La boca de Su Yan se crispó. Calló, luego dijo: "No tenía dinero. Se llevaron la tierra y la vendieron al Terrateniente Jiang."

Zhou Yang frunció el ceño ligeramente. "Pagar impuestos es la ley de la tierra. Eso no tiene nada que ver con los escribanos de Lingling."

"Mi padrino lloró mucho tiempo. Dijo que el dinero de esa tierra fue comprado con la vida de mi abuelo, que la estaba ahorrando para que yo me casara. Dijo que me había fallado, que había fallado a mi abuelo, y que la recuperaría. Fue a las montañas a atrapar serpientes exóticas. No regresó en días. Lo encontré muerto, envenenado. Ni siquiera los yao se lo comieron. Lo cargué de vuelta y lo enterré con mi abuelo."

Zhou Yang dijo: "Con un pasado tan trágico, deberías unirte al Clan Zhou. Como oficial, podrías evitar que más personas sufran como tú."

"Se equivoca, Magistrado Zhou.
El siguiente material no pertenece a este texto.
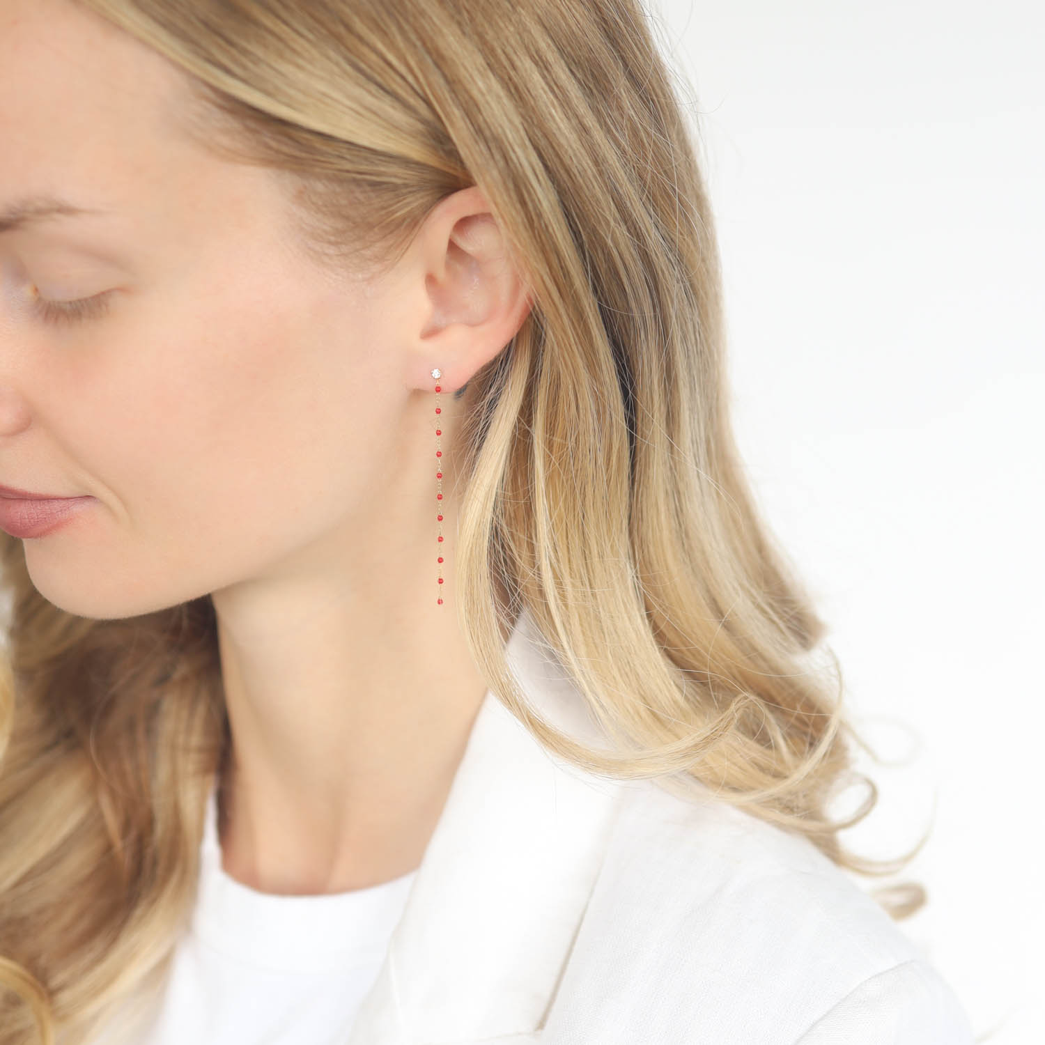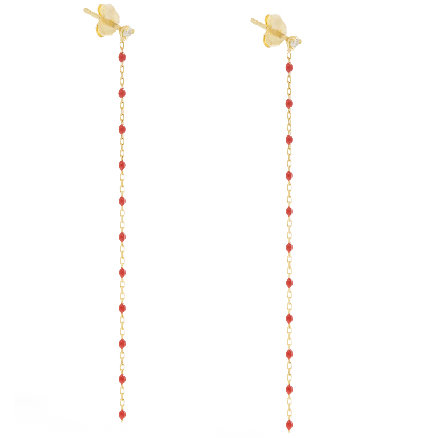 Vibrant, smooth resin beads lace with fine yellow gold, creating these dainty earrings full of movement and fit for everyday wear.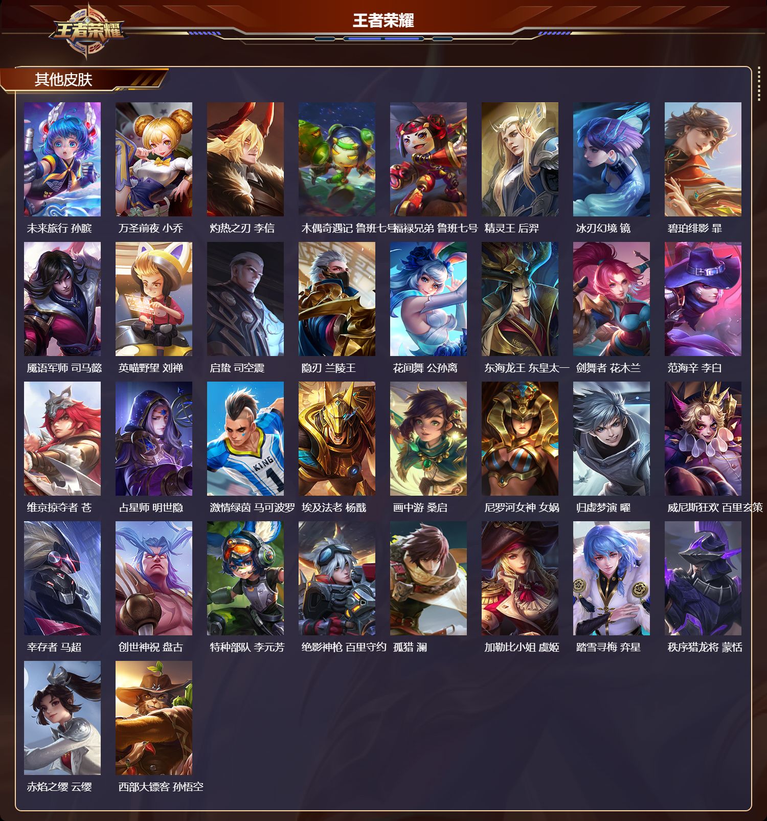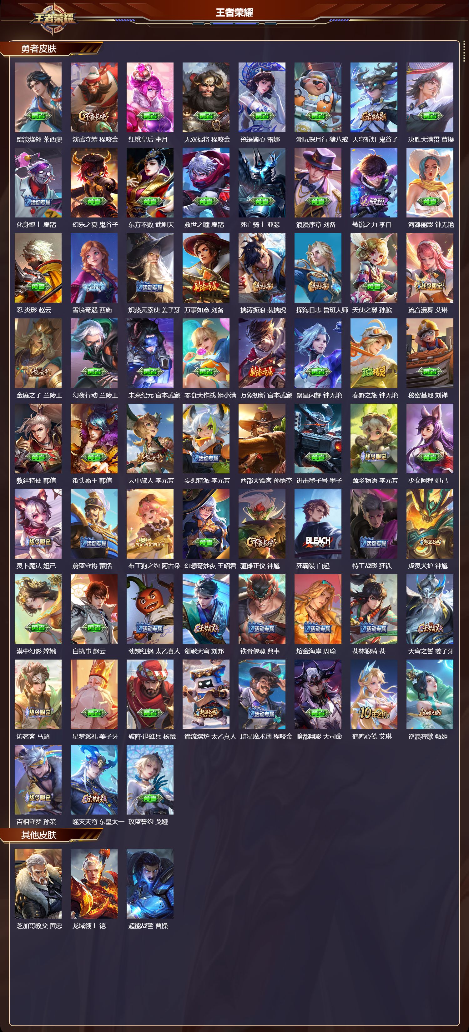 安卓qq/永恒钻石/174皮肤/126英雄/0典藏/0珍品无双/0无双/0珍品传说/6传说/41史诗/8稀有英雄【6 传说皮肤】九山相柳 司马懿地狱之眼 宫本武藏炽阳神光 镜久胜战神 干将莫邪乘龙·铭钟鼎 赵云鸣野蒿 桑启【41 史诗皮肤】蔬乡物语 鲁班七号紫霞仙子 露娜百解令 蒙犽燃音魔法 高渐离鬼剑武藏 宫本武藏百相守梦 黄忠地狱燃心 司空震顽趣 梦奇拒霜思 嫦娥

No le conté todo esto para mendigar lástima o un puesto."

Su Yan levantó la cabeza. Sus ojos se encontraron con los de Zhou Yang, y habló suavemente. "Los aldeanos me dijeron que quienes mueren injustamente se convierten en fantasmas vengativos. Y mi buen amigo Yuan Qi me dijo que explicarte a un cadáver es una pérdida de aliento."

La vara de sauce flotó desde detrás de él.

"Así que le explico por qué lo mato—antes de matarlo."

Su Yan se giró. La vara de sauce salió disparada como un arcoíris verde y atravesó la frente de Zhou Yang.

Wuwang: sinceridad del grado más alto.

Estar sin engaño es ser sincero de corazón.

Su Yan actuó con sinceridad y rapidez. Había dicho que dejaría que Zhou Yang muriera con entendimiento, y lo hizo.

Los ojos de Zhou Yang se abultaron. Dejó escapar un rugido atronador, muriendo con los ojos bien abiertos.

Su Yan echó un vistazo a su expresión y negó con la cabeza. "Los aldeanos probablemente mintieron. Se lo expliqué todo tan claramente, y aún así murió insatisfecho. La próxima vez, mataré primero y explicaré después. Mucho más seguro."

Entonces la gran campana flotó desde detrás de la cabeza de Su Yan. "A-Yan, ¿sabes por qué tu fuerza ha crecido tan rápido, por qué pudiste acabar con tantos maestros nuo tan rápido?"

Su Yan no entendía.

"Porque eres un cultivador de qi."

La voz de la campana era baja y distante. "Tu etapa de Recolección de Qi ha alcanzado el pico absoluto. Puedes ver la barrera interior dentro de tu cuerpo, a punto de golpear la puerta y abrir el Río del Cielo. Una vez que des ese paso y domines las artes verdaderas, serás un verdadero cultivador de qi."

"Una vez que des ese paso, caminarás por un sendero diferente de todos los demás."